**SUPPLIED MATERIAL:**
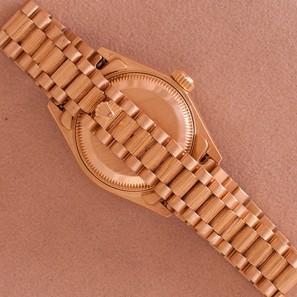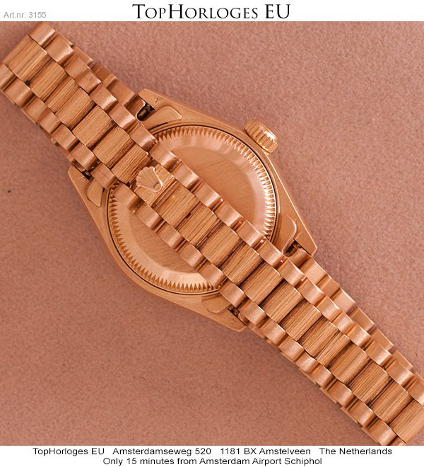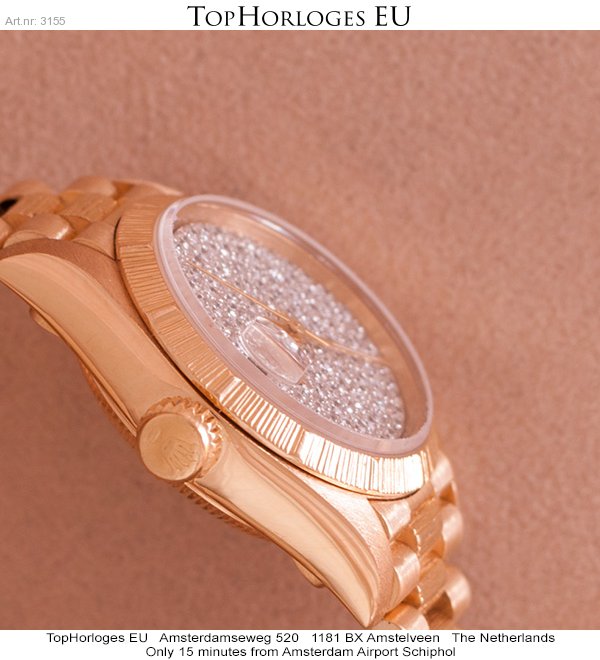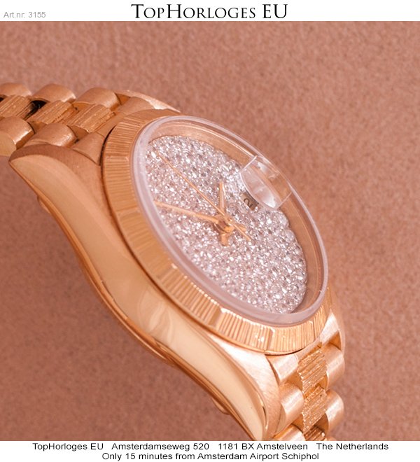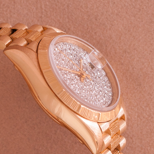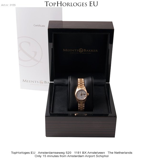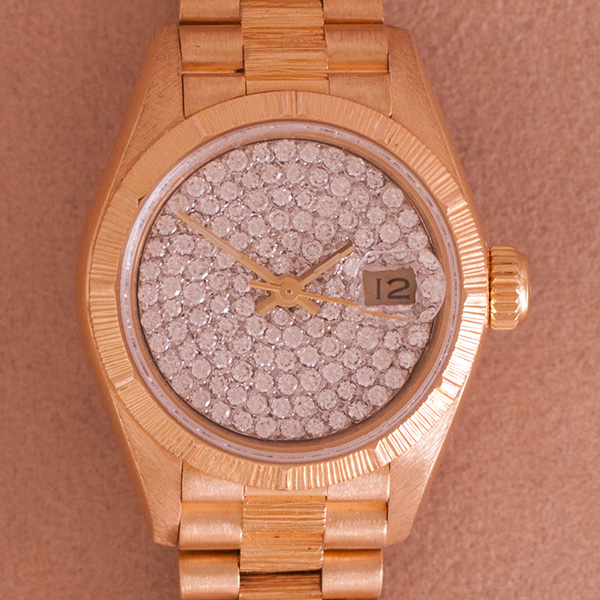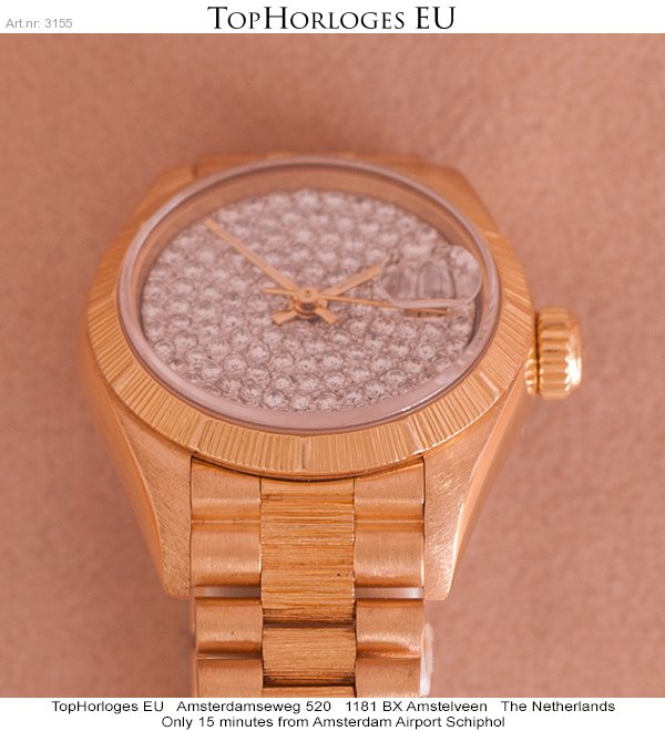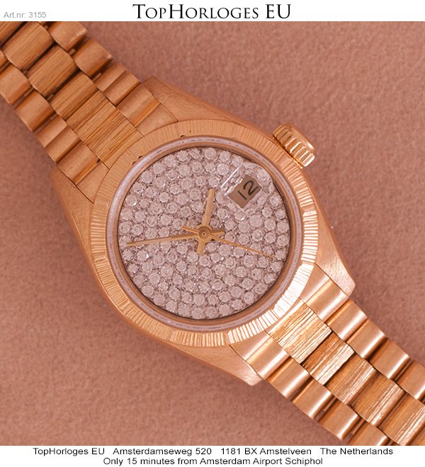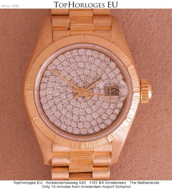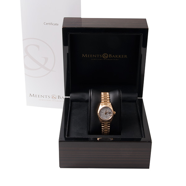Een 18krt. gouden dames Rolex Boomschors. Deze datejust is in een prima staat, en is voorzien van een geheel met diamant gezetten wijzerplaat. (aftermaket)
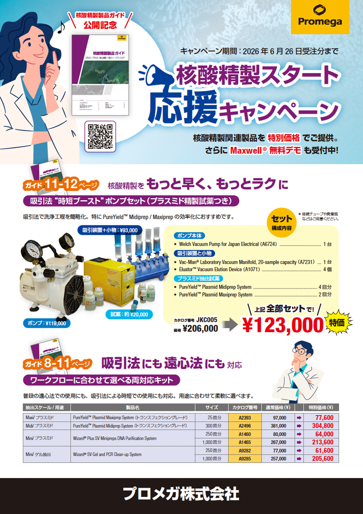 核酸精製スタート応援キャンペーン 核酸精製製品ガイド公開記念 キャンペーン期間:2026年6月26日受注分まで 核酸精製関連製品を特別価格でご提供。 さらに Maxwell® 無料デモも受付中! イントロダクション 2 インデックス 3 自動核酸精製装置Maxwell® 4 ReliaPrep™ シリーズ 6 シリカメンブレンカラムキット 8 吸引法 11 磁性体ビーズ 13 液相分離・レジン法 16 逆引き製品検索 17 Contents 核酸精製製品ガイド DNA / RNA /総核酸/断片/プラスミド イントロダクション 2 インデックス 3 自動核酸精製装置Maxwell® 4 ReliaPrep™ シリーズ 6 シリカメンブレンカラムキット 8 吸引法 11 磁性体ビーズ 13 液相分離・レジン法 16 逆引き製品検索 17 Contents 核酸精製製品ガイド DNA / RNA /総核酸/断片/プラスミド ワークフローに合わせて選べる両対応キット 普段の遠心法での使用にも、吸引法による時短での使用にも対応。用途に合わせて柔軟に選べます。 抽出スケール/ 用途製品名サイズカタログ番号通常価格(¥) 特別価格(¥) Maxi/ プラスミドPureYield™ Plasmid Maxiprep System(トランスフェクショングレード) 25 回分A2393 97,000 77,600 Midi/ プラスミドPureYield™ Plasmid Midiprep System(トランスフェクショングレード) 300 回分A2496 381,000 304,800 Mini/ プラスミドWizard® Plus SV Minipreps DNA Puri cation System 250 回分A1460 80,000 64,000 1,000 回分A1465 267,000 213,600 Mini/ ゲル抽出Wizard® SV Gel and PCR Clean-up System 250 回分A9282 77,000 61,600 1,000 回分A9285 257,000 205,600 吸引法“ 時短ブースト”ポンプセット(プラスミド精製試薬つき) 吸引法で洗浄工程を簡略化。特にPureYield™ Midiprep / Maxiprep の効率化におすすめです。 ガイド 8-11ページ ガイド 11-12ページ 吸引法にも遠心法にも 対応 核酸精製をもっと早く、もっとラクに ポンプ本体 • Welch Vacuum Pump for Japan Electrical(A6724) …………………………… 1 台 吸引装置と小物 • Vac-Man® Laboratory Vacuum Manifold, 20-sample capacity(A7231) … 1 台 • Eluator™ Vacuum Elution Device(A1071) ……………………………………….. 4 個 プラスミド抽出試薬 • PureYield™ Plasmid Midiprep System …………………………………………… 4 回分 • PureYield™ Plasmid Maxiprep System ………………………………………….. 2 回分 カタログ番号 JKC005 価格 ¥206,000 ポンプ:¥119,000 ¥123,000 特価 試薬:約¥20,000 吸引装置+小物:¥93,000 上記 全部セット で! セット 構成内容 * 接続チューブや廃棄瓶 などはご用意ください。 イントロダクション 2 インデックス 3 自動核酸精製装置Maxwell® 4 ReliaPrep™ シリーズ 6 シリカメンブレンカラムキット 8 吸引法 11 磁性体ビーズ 13 液相分離・レジン法 16 逆引き製品検索 17 Contents 核酸精製製品ガイド DNA / RNA / 総核酸/ 断片/ プラスミド プロメガ株式会社 プロメガクラブは、ご登録いただきますと様々な特典が受けられる、 プロメガ製品ユーザーのための会員サービスです(無料)。 核酸精製製品をより便利に、より安心してご活用いただける特典をご用意しています。 ミニカラム単品購入可能 Wizard® SV キットで使えるミニカラ ムを単品で購入できます。 試薬を無駄なく使用できます。 オンサイト/ オンラインセミナー 核酸精製の基礎から効率化のポイントまで学べるセミナーを 実施します。 お申込み https://promegajp.formstack.com/forms/maxwell_demo ※お申込み後、担当者よりデモ実施日時などの詳細をご連絡いたします。 適合キットなど詳細 www.promega.co.jp/special/club/limited/ 会員特典 1 会員特典 2 おすすめの タイトル 吸引システムを用いた核酸抽出の効率化 RNA 抽出講座 核酸精製コンサルティング セミナー抄録など詳細 www.promega.co.jp/promega_resources/ academy/ プロメガクラブなら、購入後も核酸精製をしっかりサポート プロメガクラブ検 索 プロメガクラブ詳細は デモで確認できること イントロダクション 2 インデックス 3 自動核酸精製装置Maxwell® 4 ReliaPrep™ シリーズ 6 シリカメンブレンカラムキット 8 吸引法 11 磁性体ビーズ 13 液相分離・レジン法 16 逆引き製品検索 17 Contents 核酸精製製品ガイド DNA / RNA / 総核酸/断片/プラスミド お使いのサンプルで試せるMaxwell® 無料デモ Maxwell® は、結果のバラつき低減、研究時間の創出、 ヒューマンエラー抑制に貢献する自動核酸精製装置です。 プレパックカートリッジ採用によりセットアップも簡便。 まずは実際のサンプルで、使いやすさと安定性をご体感ください。 ガイド 4-5ページまずは1 回、Maxwell®の手離れ をご体感ください サンプルに 合った 精製条件 推奨キットの ご提案× × Maxwell® RSC 現行法との 比較 ゲノム編集チェックも 細胞 &培地 400 μL 入れるだけ テクニカルサービス ● Tel. 03-3669-7980 ● E-Mail : prometec@jp.promega.com PK2604-04B 販売店 日本語 Web site:www.promega.co.jp プロメガ株式会社 本 社 〒103-0001 東京都中央区日本橋小伝馬町1-5 PMO日本橋江戸通 Tel. 03-3669-7981 大阪事務所 〒541-0051 大阪市中央区備後町4-1-3 御堂筋三井ビルディング Tel. 06-6202-4581 ※製品の仕様、価格については2026 年4 月現在のものであり予告なしに変更することがあります。
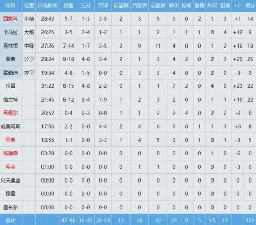 湖人數據如下:
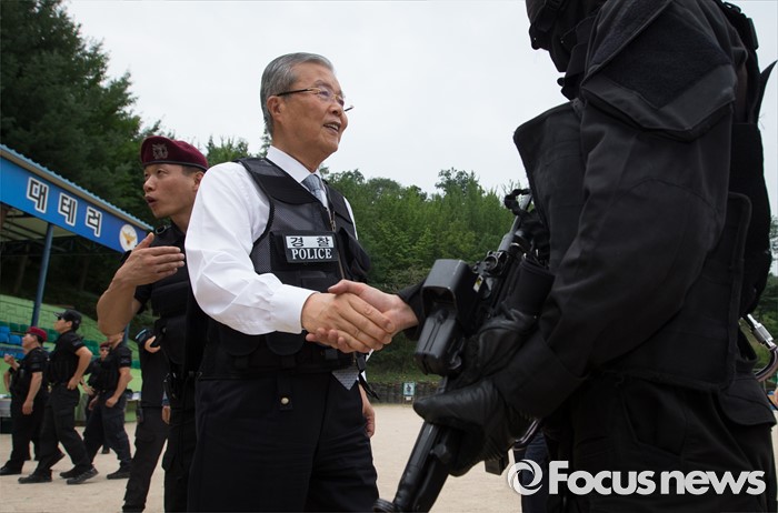 (서울=포커스뉴스) 김종인 더불어민주당 비상대책위원회 대표가 21일 오전 서울 서초구 경찰특공대를 방문해 대테러 훈련 시범 참관을 마치고 훈련한 경찰특공대원들을 격려하고 있다.
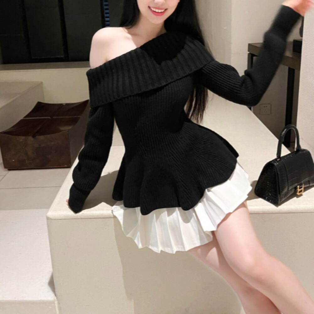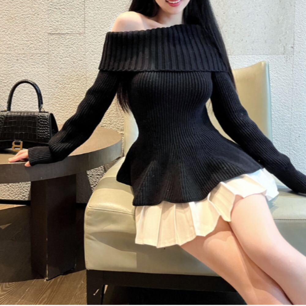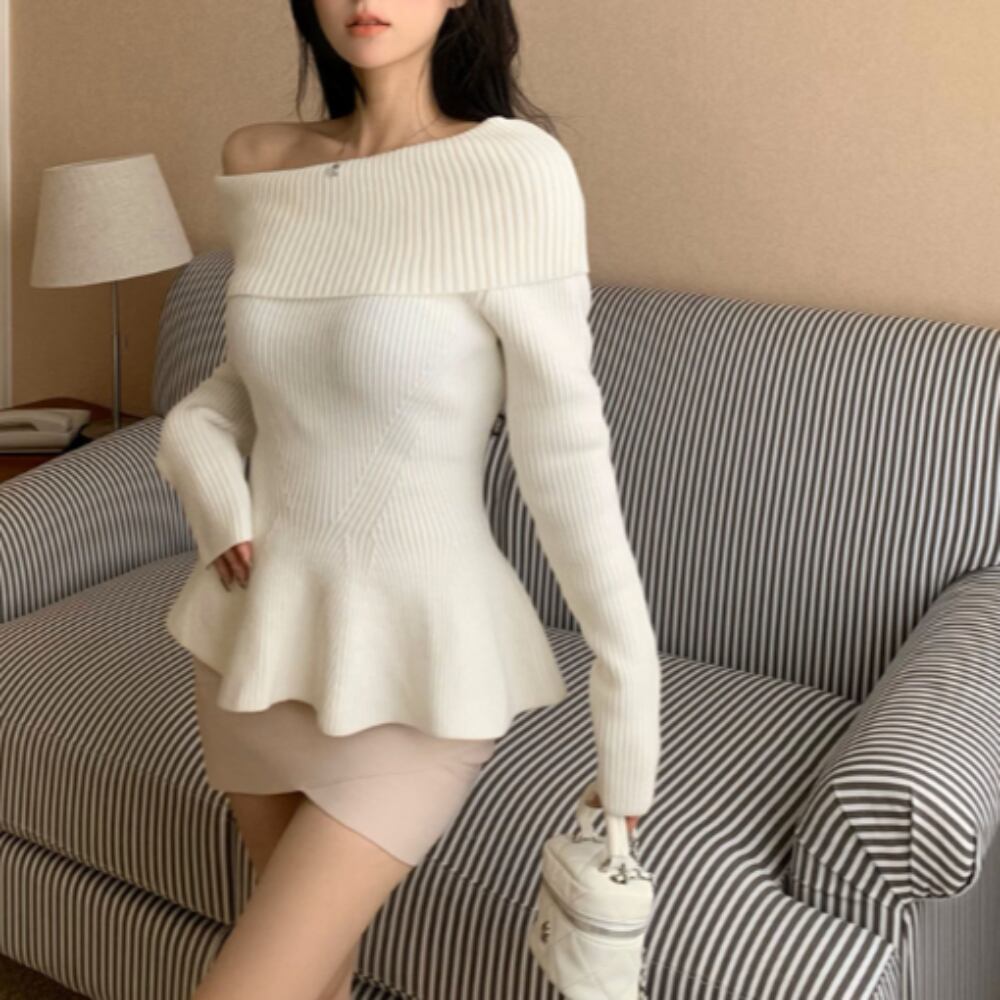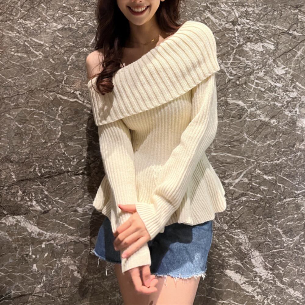 レディース トップス ニット セーター レギュラー丈 長袖 レギュラースリーブ オフショルダー 襟なし タイト ストレート 厚手 ニット ポリエステル繊維 ビスコース繊維 シンプル おしゃれ 個性的 エレガント 存在感 シック スタイリッシュ 無地 秋 通勤 デート お出かけ パーティー イベント リゾート 旅行 レストラン 女子会 休日 バカンス ホテル ショッピング 発表会 コンサート カフェ 普段使い S M ブラック グレー オフホワイト
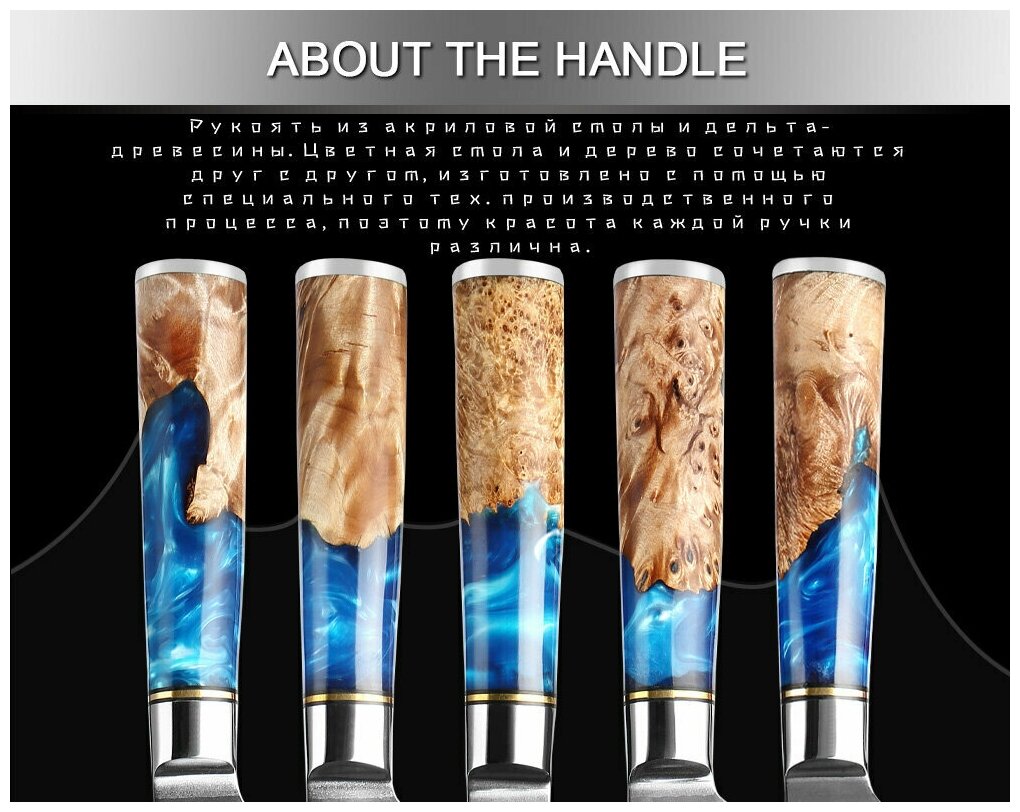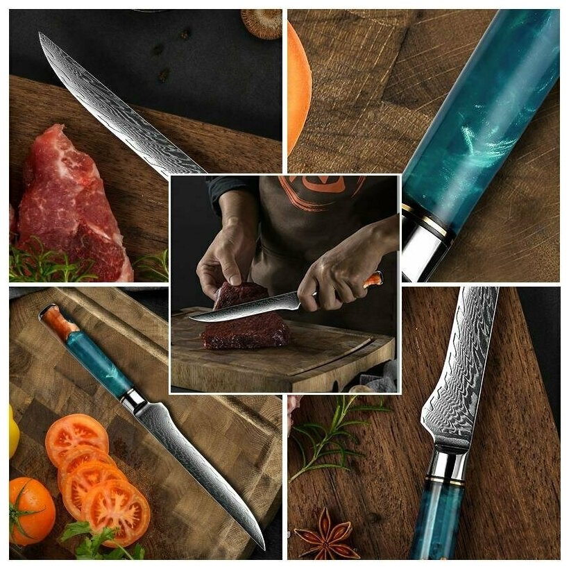 Отзывы на Кухонный обвалочный нож TuoTown BO150 TWB-D4, рукоять синий акрил+дерево, клинок 15см (VG10-Damascus).
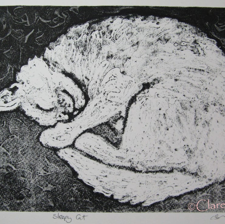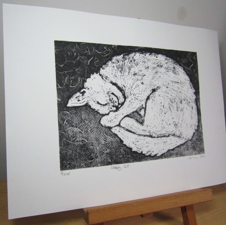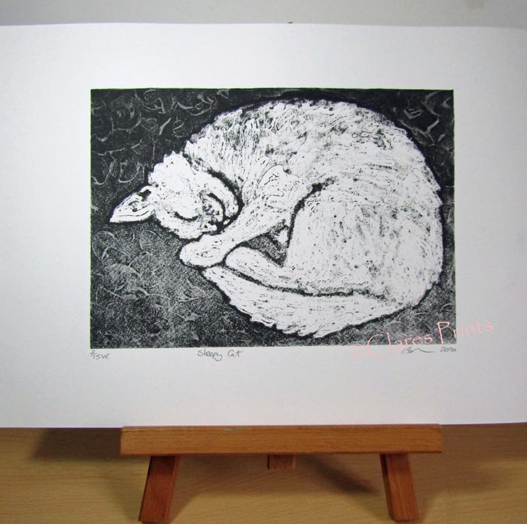 Collagraph Cat Print variable edition, limited edition of 15, this is number 2.
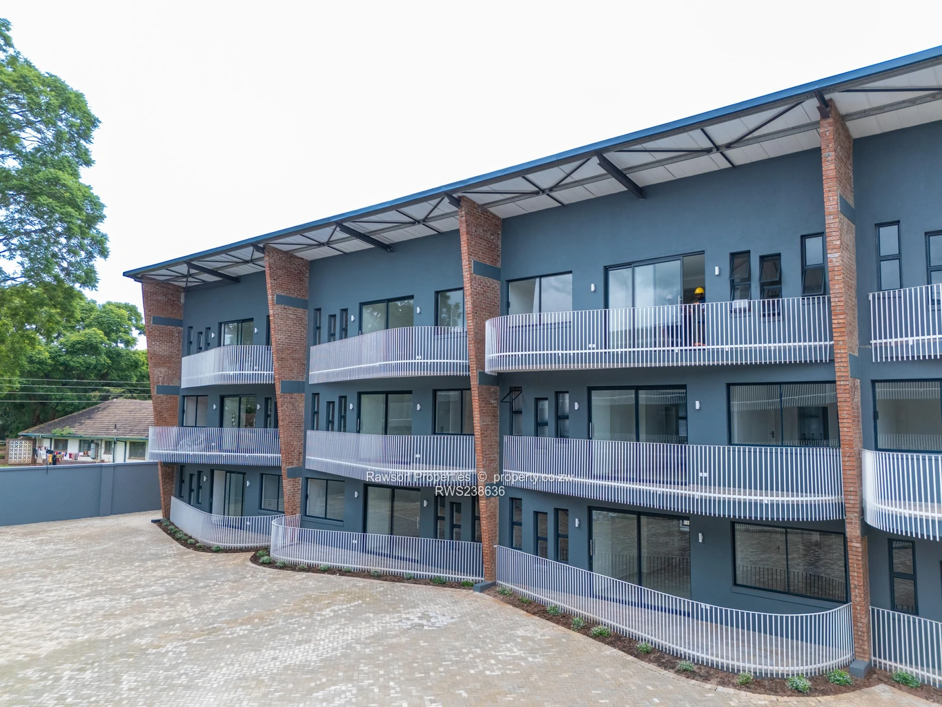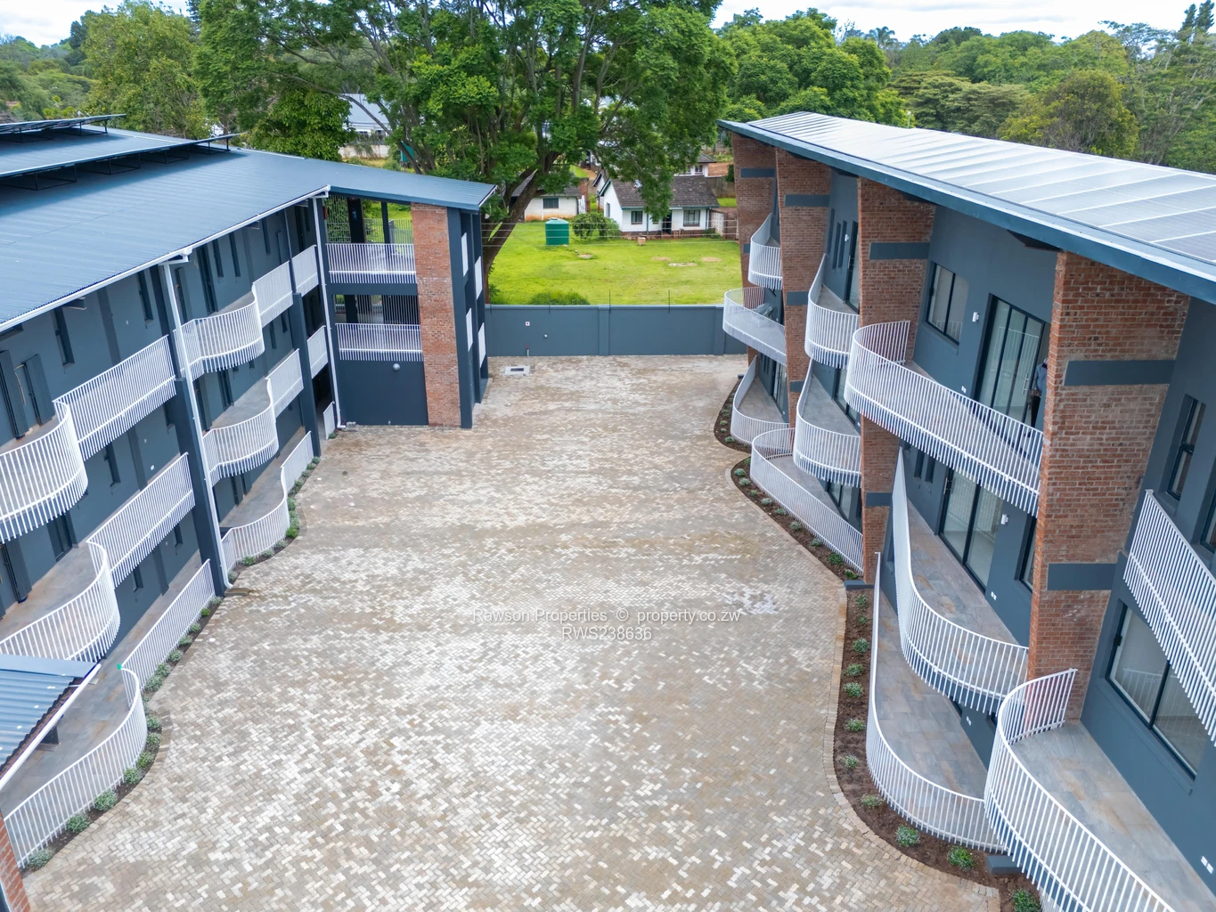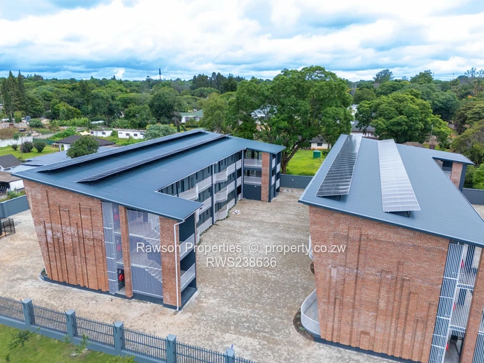 Discover contemporary living in Vainona, Harare North — a spacious 2-bedroom, 2-bath apartment spanning 180 m² in a smart, low-density block. The photos show a modern three-storey complex with a tidy central paved courtyard and plenty of parking. Interiors are bright and airy with large windows,

**REQUIRED WORK:** From the line containing "Collagraph Cat Print" down to the last line of the data, print every line exactly and nothing else. Pictures stay out of the copy.

**COMPLETED TASK:**
 Collagraph Cat Print variable edition, limited edition of 15, this is number 2.
 Discover contemporary living in Vainona, Harare North — a spacious 2-bedroom, 2-bath apartment spanning 180 m² in a smart, low-density block. The photos show a modern three-storey complex with a tidy central paved courtyard and plenty of parking. Interiors are bright and airy with large windows,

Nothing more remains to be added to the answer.